Consultation on binary options prohibition closes today in Manitoba and Saskatchewan
In Quebec and Alberta, where the consultation closed a month ago, there is still no clarity on whether the ban will be implemented as a law.
The comment period for a proposed ban on all sorts of marketing and offering of binary options to individuals expires today in two Canadian provinces – Manitoba and Saskatchewan.
Under the proposals, outlined in April by the Canadian Securities Administrators (CSA), an organization which has among its members the securities regulators from 10 Canadian provinces and 3 territories, all advertising, offering, selling or otherwise trading a binary option with or to an individual will be prohibited.
There is still no clarity whether the proposed ban will get into effect, as the securities regulators in Quebec and Alberta, where the consultation on the ban closed a month ago, have not published any statements on the progress of this proposal’s implementation. However, Quebec’s financial regulator AMF has made public a set of comments on the proposal, including ones from the Investment Industry Association of Canada (IIAC) and North American Derivatives Exchange, Inc. (Nadex).
The IIAC, which represents 130 Dealer Member firms regulated by the Investment Industry Regulatory Organization of Canada (IIROC), insists that the ban must apply only to illegal binary options trading offered by unregulated binary options firms. According to the IIAC, its members should be allowed to offer binary options to retail investors.

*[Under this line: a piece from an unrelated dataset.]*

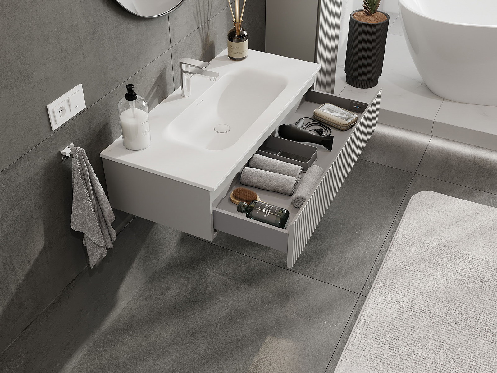 Mexen Rivel badkamerkast 100 cm met wastafel Vela, 1 lade, gefreesd, grijs mat/wit mat - 91A20-10023-1-BF62-W23M01

Nadex, in its turn, said the ban should apply to so-called fifty/fifties which have commonly become identified with the term “binary option” but these should be considered not as an option but as a financial instrument with the characteristics of a fixed odds bet. The Exchange argues that the offering of volatility binaries, like vanilla put and call options or other legitimate financial instruments, should be allowed if the offeror is regulated and applicable requirements (client onboarding, risk disclosure, etc) are met.
While the ban is in the works, Canadian residents continue to lose money due to binary options. Data from the Manitoba Securities Commission (MSC), released on April 26, 2017, shows the body has received 17 reports from binary options scam victims over the last four months. In April this year, a man from Portage La Prairie said he had been defrauded of $130,000 to an offshore binary options firm, whereas a Southern Manitoba man had lost more than $300,000 for similar reasons.
The regulator notes that in 2015, there were four complaints from Manitobans about unregistered binary options firms, whereas in 2016, that number spiked to more than 58.